MAC floods — Switches maintain a translation table that assigns MAC addresses to physical ports on the switch. This allows them to intelligently route packets from one host to another. The switch has a limited amount of memory for this job. MAC flooding makes use of this limitation to bombard a switch with bogus MAC addresses until the switch can’t keep up. The switch then enters what is known as “fail-open mode,” at which point it begins to act as a hub by broadcasting packets to all machines on the network. Once that happens, sniffing can be easily done.

Network tracker detection

A sniffer is typically passive, just collecting data, and is especially difficult to detect when running in a shared Ethernet environment. However, it is easy to detect a sniffer when it is installed on a switched network. When installed on a computer, a sniffer generates a small amount of traffic, which allows it to be detected using the following types of techniques:

ping method — a ping request is sent with the IP address of the suspect machine but not its MAC address. Ideally, no one should see this packet as every ethernet adapter will reject it because it doesn’t match its MAC address. But if the suspect machine is running a sniffer, it will respond since it accepts all packets.

ARP method — this method is based on the fact that all machines cache ARP (ie MAC addresses). Here, we send a non-broadcast ARP so that only machines in promiscuous mode will cache our ARP address. We then send a broadcast ping packet with our IP, but a different MAC address. Only a machine that has our correct MAC address from the tracked ARP frame will be able to respond to our broadcast ping request.

on-localhost — if a machine has been compromised, a hacker may have left a sniffer running. There are utilities that can be run that report whether the local machine’s network adapter has been set to promiscuous mode.

latency method — is based on the assumption that most sniffers perform some type of analysis, which increases the load on that machine. Therefore, it will take longer to respond to a ping packet. This difference in response times can be used as an indicator of whether or not a machine is in promiscuous mode.

ARP Clock — to prevent an ARP hacker from spoofing the gateway, there are utilities that can be used to monitor a machine’s ARP cache to see if there is any duplication for a machine.

How to protect against inhalation

The best way to secure a network against sniffing is to use encryption. While this will not prevent the trackers from working, it will ensure that the data collected by the trackers cannot be interpreted. Also, in a switched network, ARP spoofing is likely to be used for sniffing purposes. The machine on which the hacker will most likely spoof ARP is the default gateway. To prevent this from happening, it is suggested that the gateway’s MAC address be permanently added to each host’s ARP cache.

Additional suggestions include:

· Use SSH instead of telnet.

· Use HTTPS instead of HTTP (if the site supports it).

· If you’re concerned about email privacy, try a service like Hushmail (www.hushmail.com), which uses SSL to ensure data isn’t read in transit.

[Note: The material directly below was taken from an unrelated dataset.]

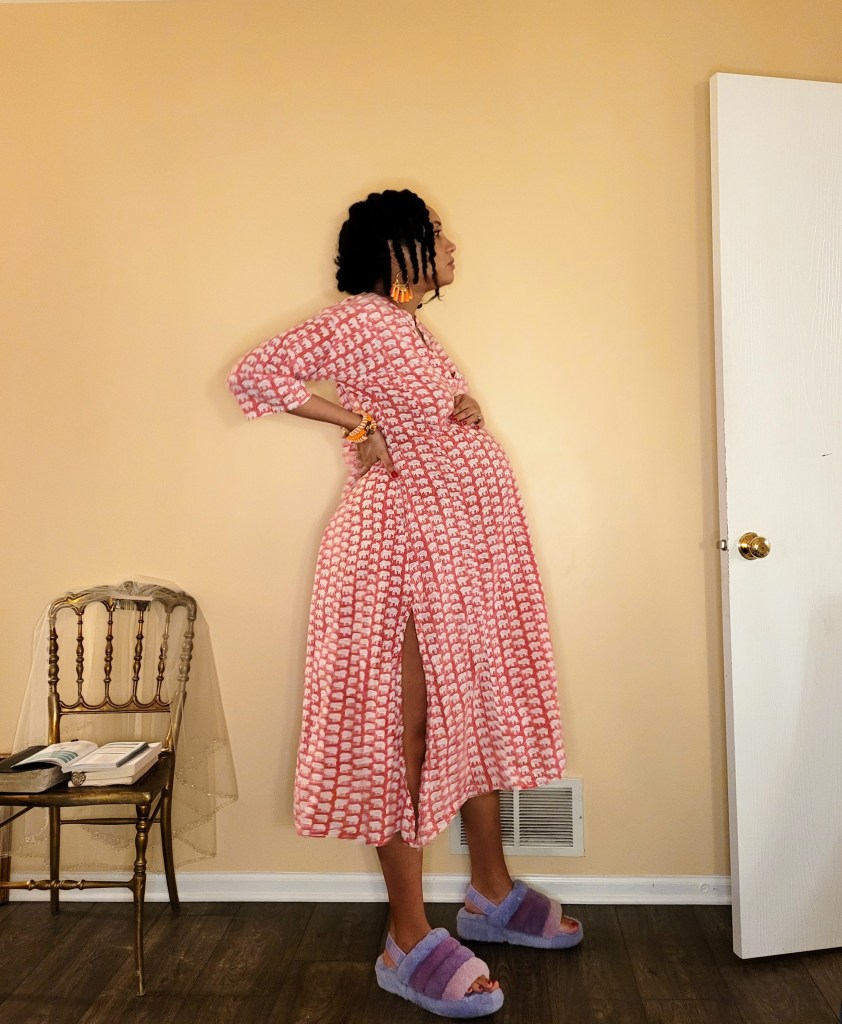 - Getting dressed up in a pink elephant patterned gown (perfect for a large bump!)

Additionally, Pretty Good Privacy (www.gnupg.org) can be used to encrypt and sign emails to prevent others from reading them.

· Use a sniff detector. For example, the software package PromiScan It is considered the standard crawl node detection tool and is recommended by the SANS (SysAdmin, Audit, Network, Security) institute. It is an application package used to remotely monitor computers on local networks to locate network interfaces that are operating in a promiscuous mode.